This App Alerts Consumers About Ethical Apparel Retailers

Photo: Courtesy of Not My Style

Detecting sustainable clothing is possible with a new smartphone feature.

Not My Style, a London-based iPhone app, notifies consumers about the transparency of their favorite fashion brands. With the app, consumers have access to information on how their preferred High Street retailers treat their garment workers.

Today, fast fashion has stormed the retail category and clothes are growing in volume on a regular basis. According to Not My Style, most clothes are made internationally by more than 40 million apparel workers, most of which are located in poverty-stricken countries. Furthermore, many consumers can’t access compliance data. Not My Style aims to change this dilemma by providing consumers the power to choose ethical options for their wardrobes.

After successfully completing its Kickstarter goal in December 2015, Not My Style launched the first version of its iPhone app. The app has rated more than 100 High Street brands based on how much compliance information they share on their websites. Consumers can use the app while they shop, and it also connects to social media platforms, so they can share ratings with friends or contact the brand directly.

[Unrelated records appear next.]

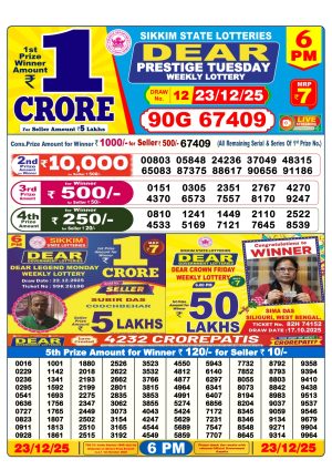 Sikkim State Lottery Sambad Dear Evening 6 PM Result Today 23-12-2025
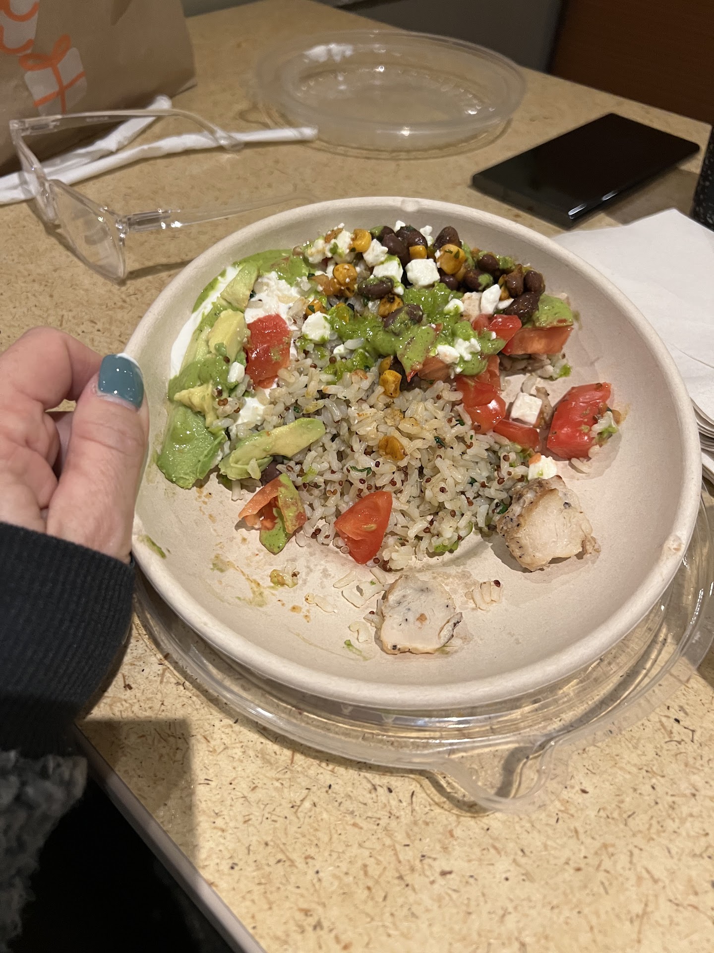 Read moreAbsolutely terrible! I have been to this Panera location a handful of times and each time it gets worse, to the point I will not go back. The workers are usually too busy to wait on customers and talking among themselves to the point as a patron you feel awkward to interrupt their personal conversations. Aside from pretty much never having all the menu items available, or all ingredients, or heck, even cash (recent sign read “exact change only and cards only”), the food in amounts and quantity are lacking. We ordered 2 bowls, a Mediterranean with chicken and a Baja with chicken the other night. The person taking our order never asked what we wanted for our side item or if we were eating in or not. I had to ask if I had any offers available in my account, which apparently I did (that expired the next day, but that wasn’t mentioned). When the order was ready it was packed in a to-go bag even though we were eating in. The to go disposable bowls are small and the presentation is quite different given that the food is all crammed in and the bowl has a flat plastic lid on it. If that were the problem…just the opposite. There was so little food in the bowl, the ingredients only filled it half way. The items didnt shift or slide in transit since the bag was literally carried 50 feet from the counter to the table. It was absolutely mind blowing to pay more than $11 for what we got. I went to the pick up counter and was told that I was given their standard portion for the entree. There was no explanation as to why it was in a carry out container or why it only filled 1/2 the time bowl. Spoke to the manager. Got the same line of reasoning and was told if it were in a regular bowl it would be the same portion….BTW, which looks NOTHING like what’s portrayed in the photos they have of the bowl by the front counter. I counted 3 pieces of chicken in the entire salad. After questioning the lack of food in the entree the manager offered to make a new salad in a real bowl….and amazingly it looked much better since the quantity was able and filled the bowl. Really...
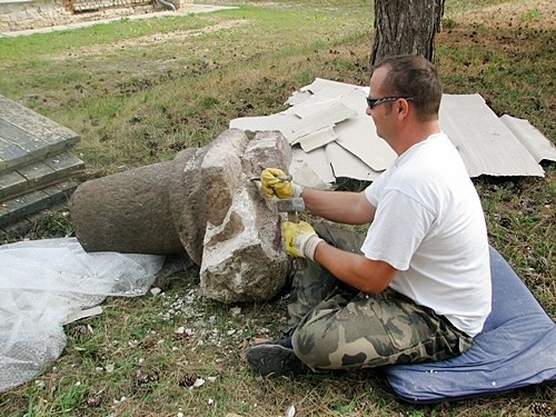 Csirke Orsolya régész szerint a jellegzetes helyi nyersanyagból, vörös homokkőből faragott oszloptöredék valószínűsíthetően környékbeli műhelyben készült. A 40 x 40 cm-es lábazatot a négy sarkán stilizált levélmotívum díszíti, felül egy szélesebb gyűrűvel válik el magától az oszloptörzstől, amelynek átmérője 33 cm. A múzeumi igazgatóság régészeti gyűjteményében több, hasonló megmunkálású, díszítésű töredék található. A római korból Balatonalmádi és Révfülöp környékéről ismertek művelés alatt levő, permi homokkőbányák. A balácai lapidárium (kőtár) kőemlékeinek természettudományos vizsgálata a Balaton-felvidéki római kori bányák és műhelyek kereskedelmi kapcsolatáról tájékoztat bennünket a bányákból nyersanyagként vagy (fél)kész áruként forgalomba került faragványok alapján.

Each brands’ website is evaluated using 22 key indicators that determine how much compliance information is disclosed by brands. Not My Style focuses on whether brands disclose apparel factory information, pay their workers a living wage and share supply chain audit results. Each retailer is provided one of three ratings: shop, think or stop. Brands that fall in the “shop” category share the most compliance information, while brands that earn a “stop” rating are the least transparent about working conditions.

Not My Style has already rated many brands on its app. The most transparent brands listed include & Other Stories, New Look and Uniqlo, and Boohoo and Urban Outfitters are ranked among the least visible.

Not My Style plans to launch the app for other smartphones, including Androids and will expand its database to other major cities in the future.